* **Aim of the exercise**
Go to the line holding "Пирог из тонкого" in the data below and repeat it exactly, then each line after it up to and including the one holding "இந்நிலையில் கூட்டுறவுத்துறை அமைச்சர்". Omit pictures.

═════ Records

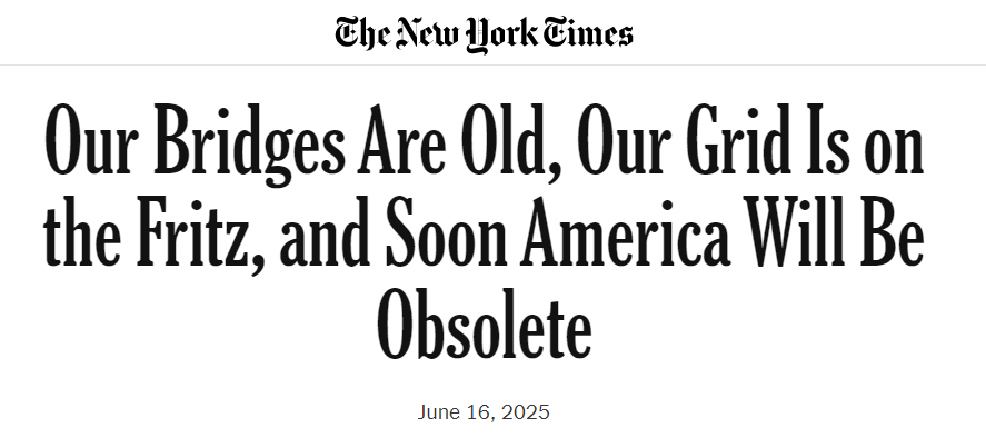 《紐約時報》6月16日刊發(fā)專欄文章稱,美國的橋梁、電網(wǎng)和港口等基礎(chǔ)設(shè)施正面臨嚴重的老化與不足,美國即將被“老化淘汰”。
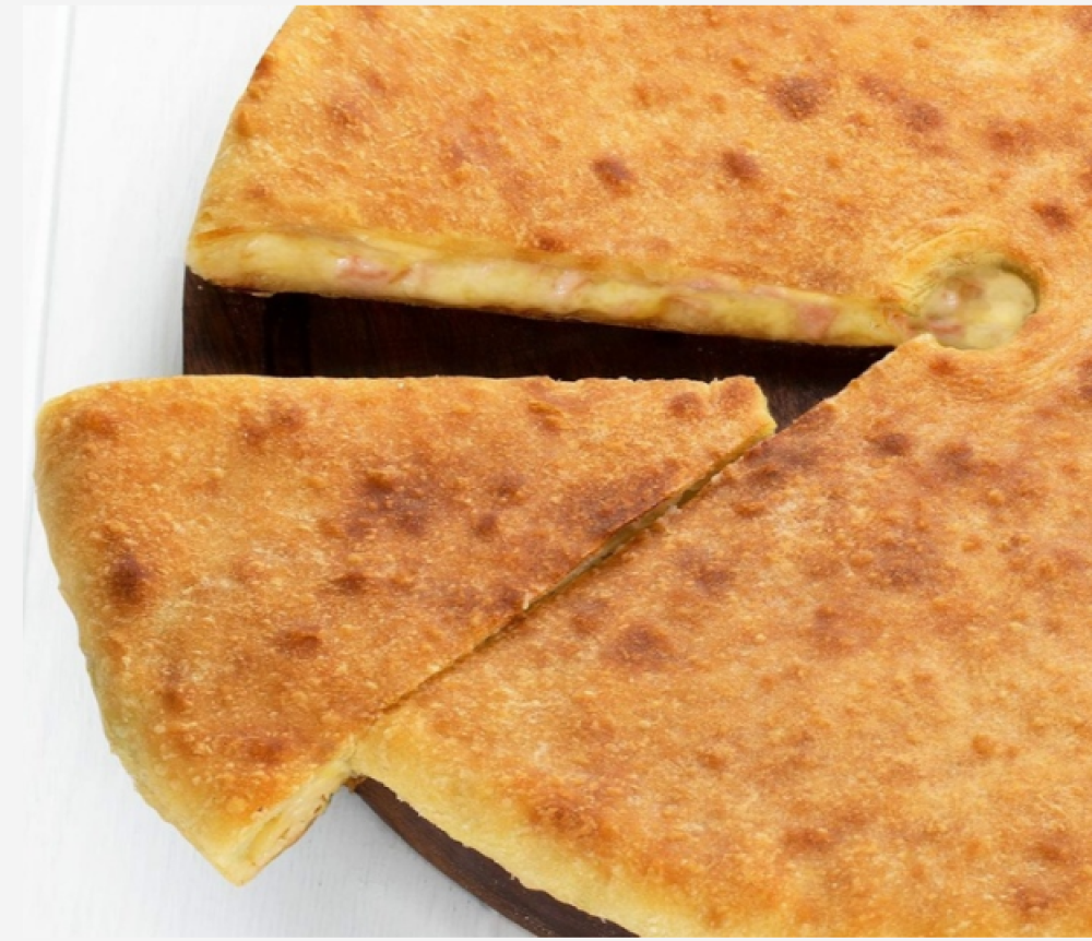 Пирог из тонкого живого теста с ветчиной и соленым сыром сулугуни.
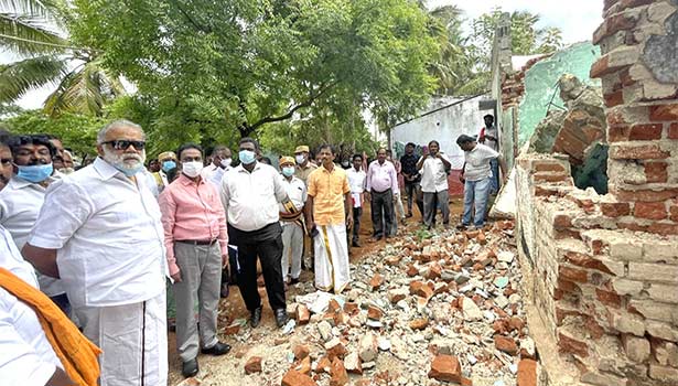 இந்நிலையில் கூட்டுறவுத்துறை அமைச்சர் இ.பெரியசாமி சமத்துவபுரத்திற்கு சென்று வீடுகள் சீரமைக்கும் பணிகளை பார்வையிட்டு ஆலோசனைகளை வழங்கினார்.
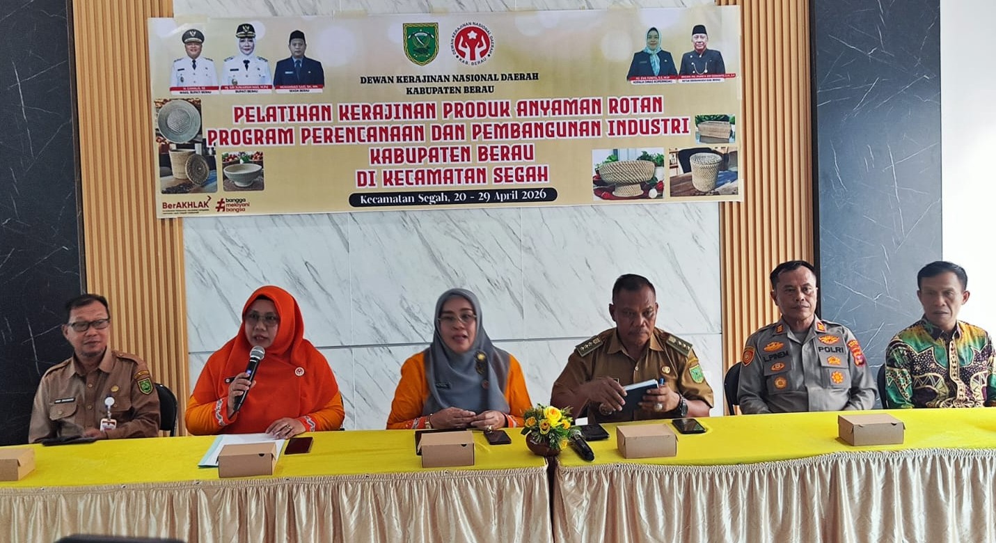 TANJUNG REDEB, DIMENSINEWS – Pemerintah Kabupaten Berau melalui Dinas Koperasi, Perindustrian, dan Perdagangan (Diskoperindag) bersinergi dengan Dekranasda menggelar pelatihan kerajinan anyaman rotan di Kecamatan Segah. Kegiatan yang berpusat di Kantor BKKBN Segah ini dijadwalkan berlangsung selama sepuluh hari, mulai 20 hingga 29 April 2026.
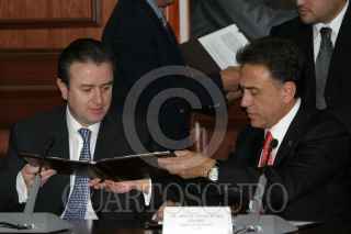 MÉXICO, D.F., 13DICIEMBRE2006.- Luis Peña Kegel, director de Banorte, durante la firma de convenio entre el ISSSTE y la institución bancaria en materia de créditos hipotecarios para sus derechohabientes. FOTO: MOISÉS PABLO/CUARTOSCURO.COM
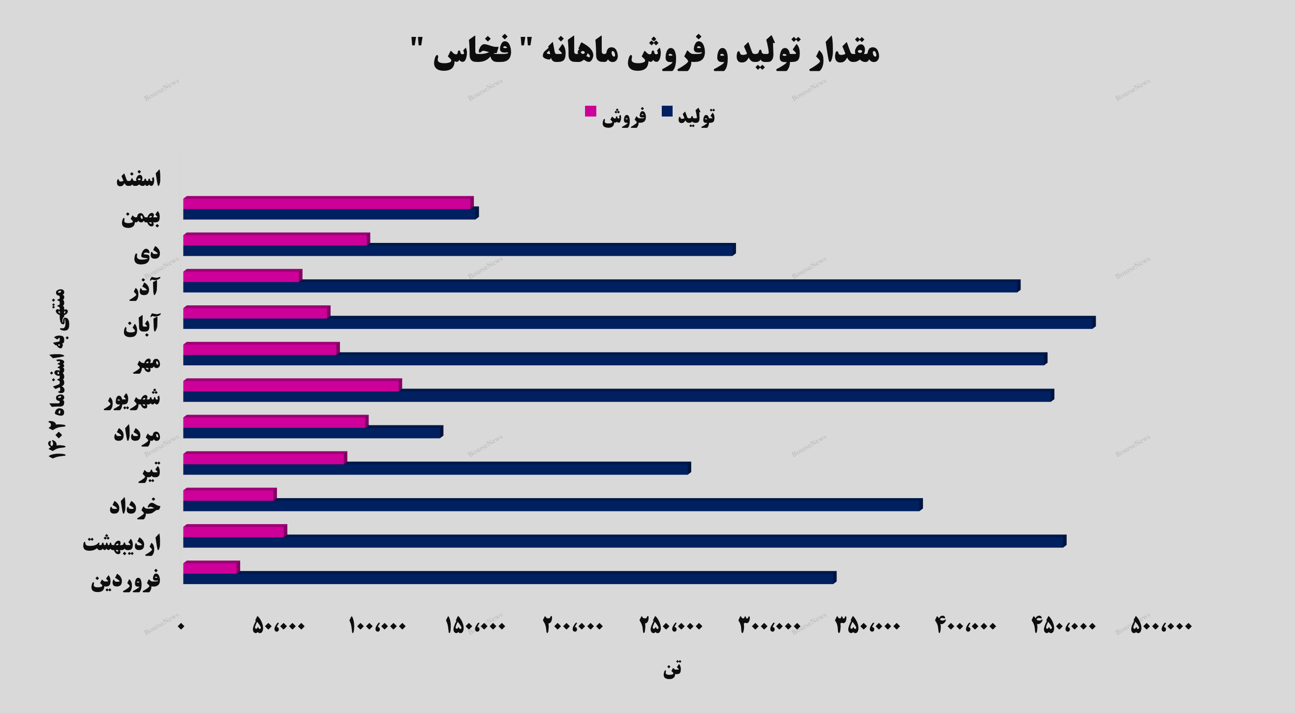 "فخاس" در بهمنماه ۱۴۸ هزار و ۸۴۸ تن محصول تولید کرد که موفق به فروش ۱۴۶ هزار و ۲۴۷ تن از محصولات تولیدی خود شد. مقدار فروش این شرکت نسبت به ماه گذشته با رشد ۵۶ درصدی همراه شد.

══════════
═════ Records

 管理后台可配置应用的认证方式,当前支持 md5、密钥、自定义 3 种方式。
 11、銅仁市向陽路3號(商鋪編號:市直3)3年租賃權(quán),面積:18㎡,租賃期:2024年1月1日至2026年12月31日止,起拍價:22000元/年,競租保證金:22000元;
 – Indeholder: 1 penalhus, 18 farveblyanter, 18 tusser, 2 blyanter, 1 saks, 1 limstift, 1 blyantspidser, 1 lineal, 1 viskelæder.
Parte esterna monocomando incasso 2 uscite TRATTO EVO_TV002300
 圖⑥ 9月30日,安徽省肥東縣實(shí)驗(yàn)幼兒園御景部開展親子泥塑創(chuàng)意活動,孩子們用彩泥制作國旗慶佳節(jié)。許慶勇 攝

══════════

* **Exercise output**
 Пирог из тонкого живого теста с ветчиной и соленым сыром сулугуни.
 இந்நிலையில் கூட்டுறவுத்துறை அமைச்சர் இ.பெரியசாமி சமத்துவபுரத்திற்கு சென்று வீடுகள் சீரமைக்கும் பணிகளை பார்வையிட்டு ஆலோசனைகளை வழங்கினார்.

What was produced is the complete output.